In this paper, we explore a new cross-domain human parsing problem: taking the unconstrained benchmark dataset with rich pixel-wise labeling as the source domain, how to obtain a satisfactory parser for a totally different target domain without any additional manual labeling? As shown in Figure 1, the source domain (shown in the upper panel of Figure 1) is a set of labeled data. The target domain training set (shown in the lower panel of Figure 1) is as a set of images without any annotations. We believe investigation on this challenging problem will push human parsing models toward more practical applications.

From Figure 1, we observe the following differences and commonality across two domains, e.g., the source domain and the first target domain, canteen. On the one hand, they have very different illumination, view points, image scale, resolution and degree of motion blur etc. For example, the lighting condition in the canteen scenario is much darker than the source domain. On the other hand, the persons to parse from both domains share the intrinsic commonality such as the high-order relationships among labels (reflecting human body structure) are similar.
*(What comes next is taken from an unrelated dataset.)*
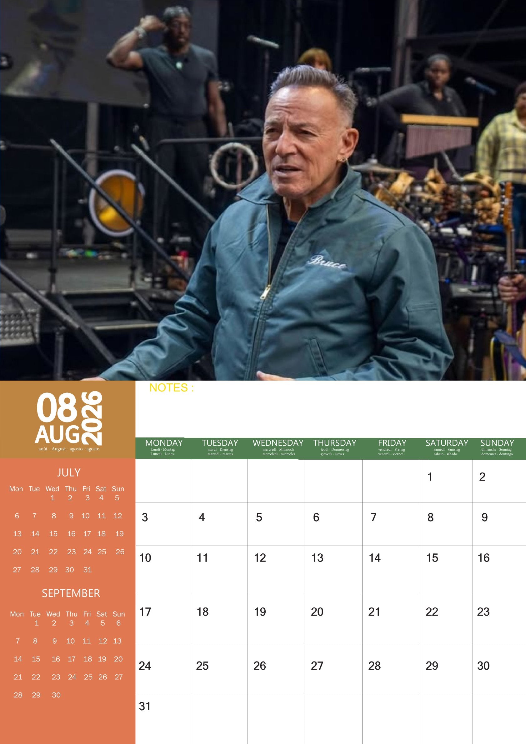 The Bruce Springsteen Calendar 2026 is not just for keeping track of dates—it’s a year-long tribute to one of the most influential and beloved musicians in rock history. Bring the energy of Springsteen into your daily life all year.
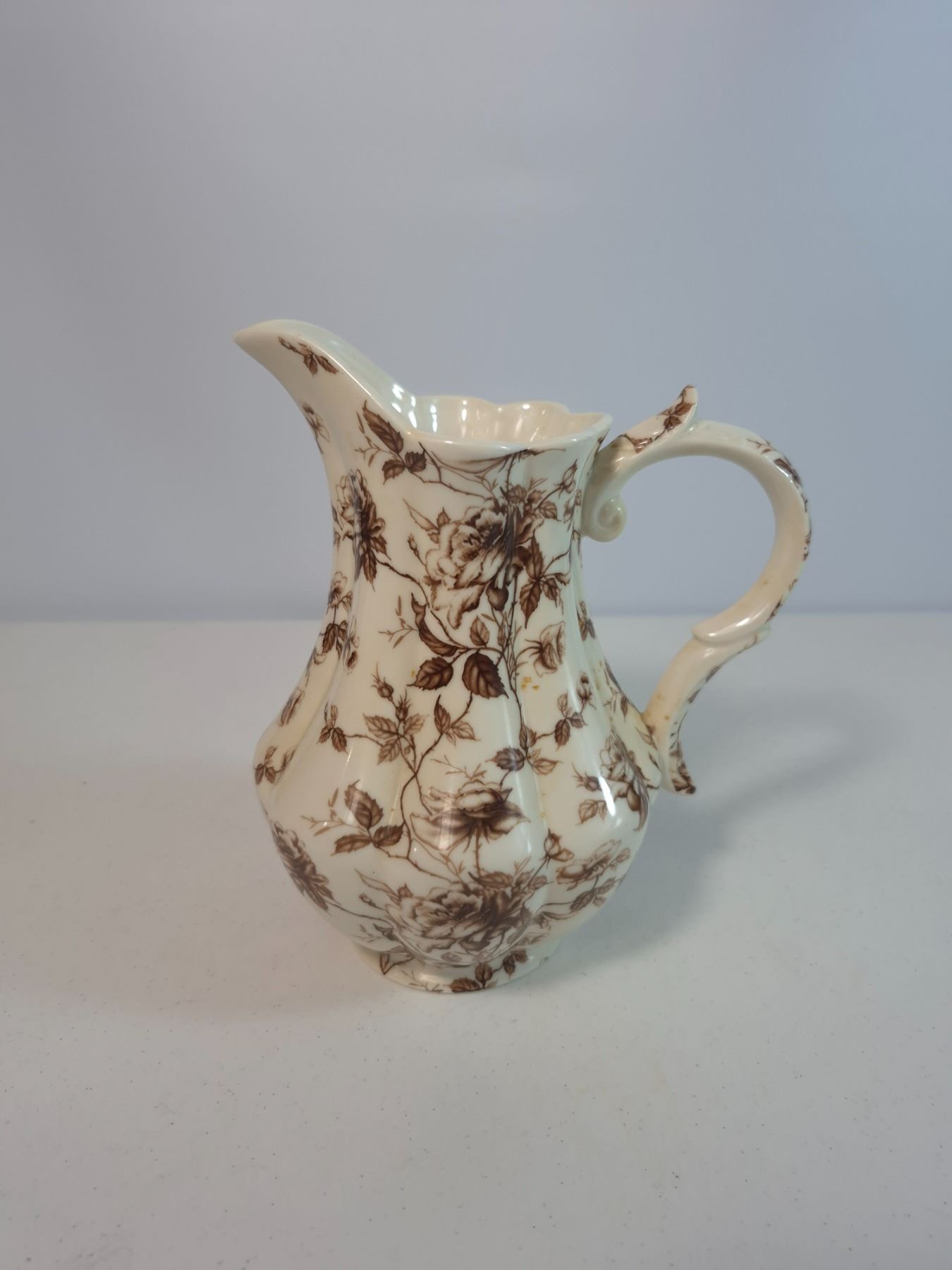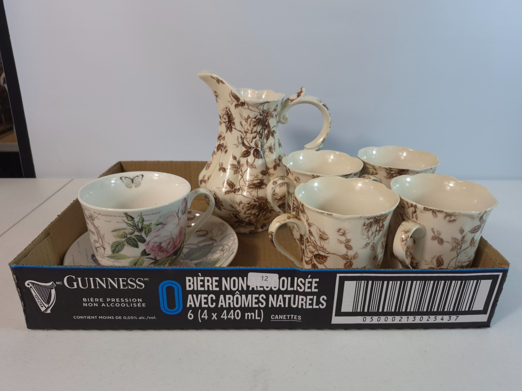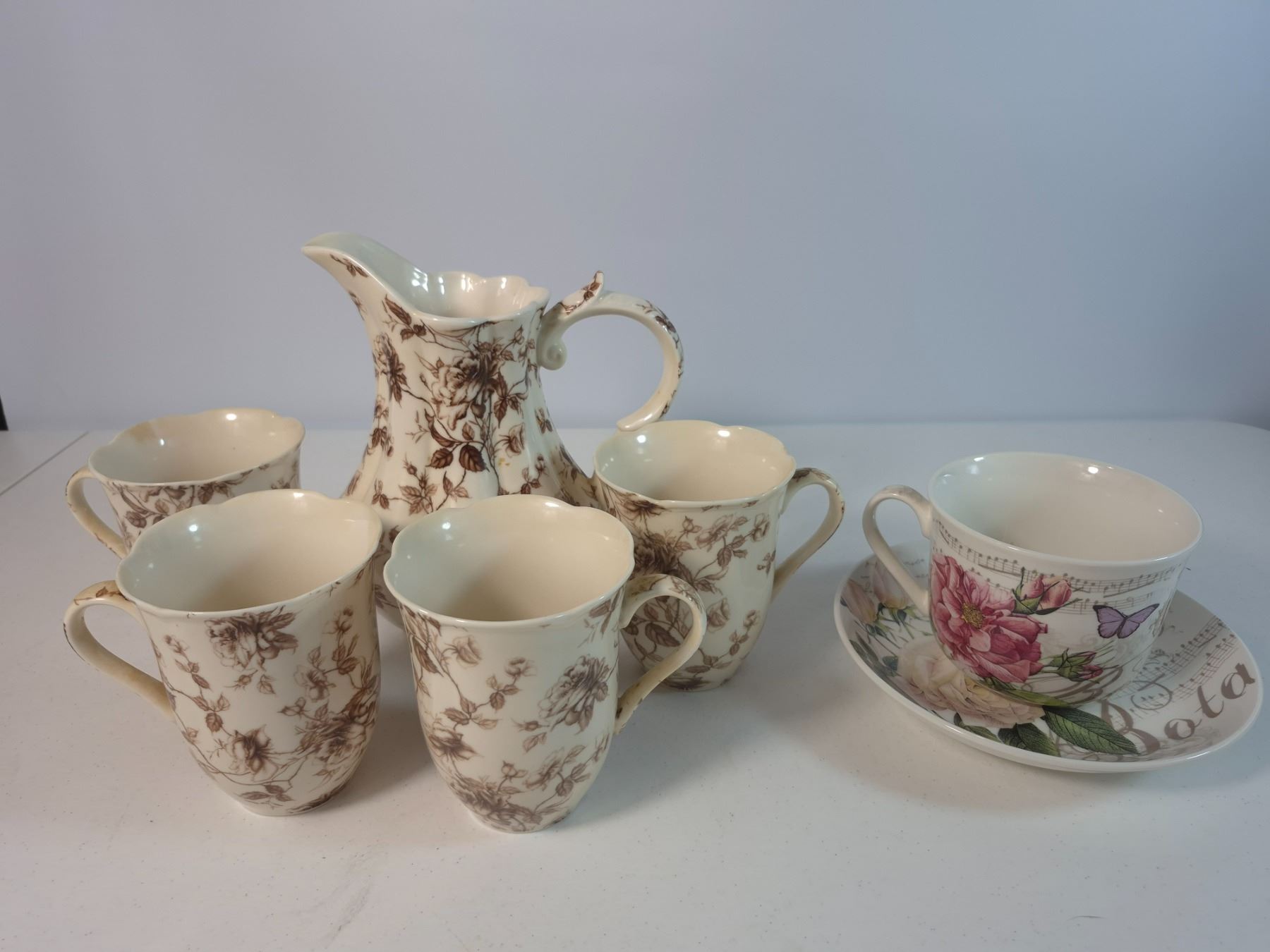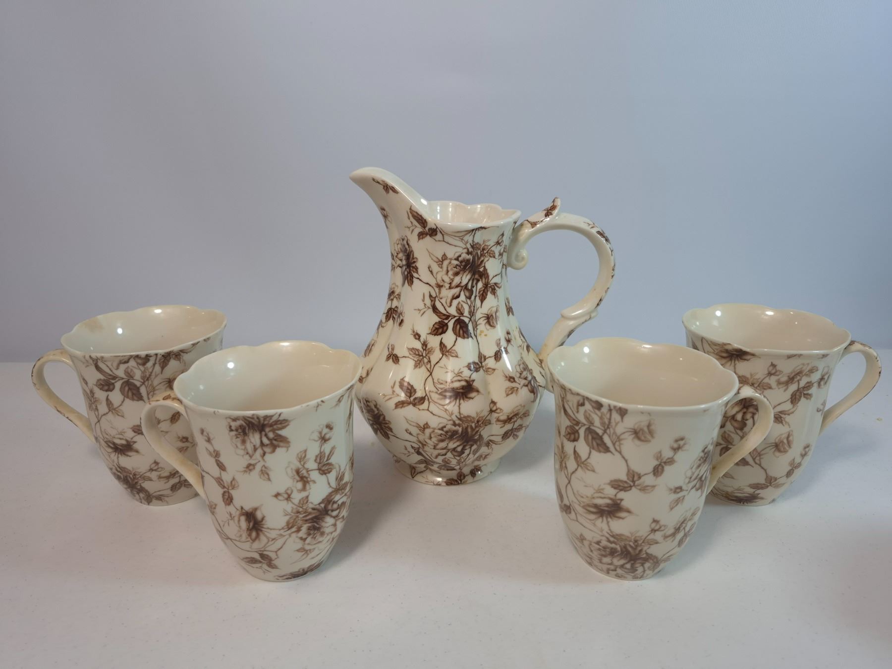 Vintage ceramic pitcher with matching floral cups and saucers, soft cream glaze with brown transfer pattern. Good overall condition.

For example, in both domains, the arms are below the head, but above the legs. Therefore, the cross-domain human parsing problem can be solved by minimizing the differences of the features and maximizing the commonality of the structured labels.

A typical semantic segmentation network [Long, Shelhamer, and Darrell2015, Chen et al.2014a] is composed of a feature extractor and a pixel-wise labeler. In this work, we propose to introduce a new and learnable feature compensation network that transforms the features from different domains to a common space where the cross-domain difference can be effectively alleviated. In this way, the pixel-wise labeler can be readily applied to perform parsing on the compensated features. The feature compensation network is trained under the joint supervision from a feature adversarial network and a structured label adversarial network. More specifically, the feature adversarial network serves as a supervisor and provides guidance on the feature compensation learning like the discriminator of the Generative Adversarial Network (GANs) [Goodfellow et al.2014, Radford, Metz, and Chintala2015]. It is trained to differentiate target and compensated source feature representations. Similarly, the structured label adversarial network differentiates the groundtruth structural labels and the predicted target domain labels. Supervised by these two level information, the cross-domain shift issues can be effectively addressed. We evaluate our approach using LIP [Gong et al.2017] as source domain and datasets as target domains. Extensive experiments demonstrate the effectiveness of our method on all domain shifts adaptation tasks.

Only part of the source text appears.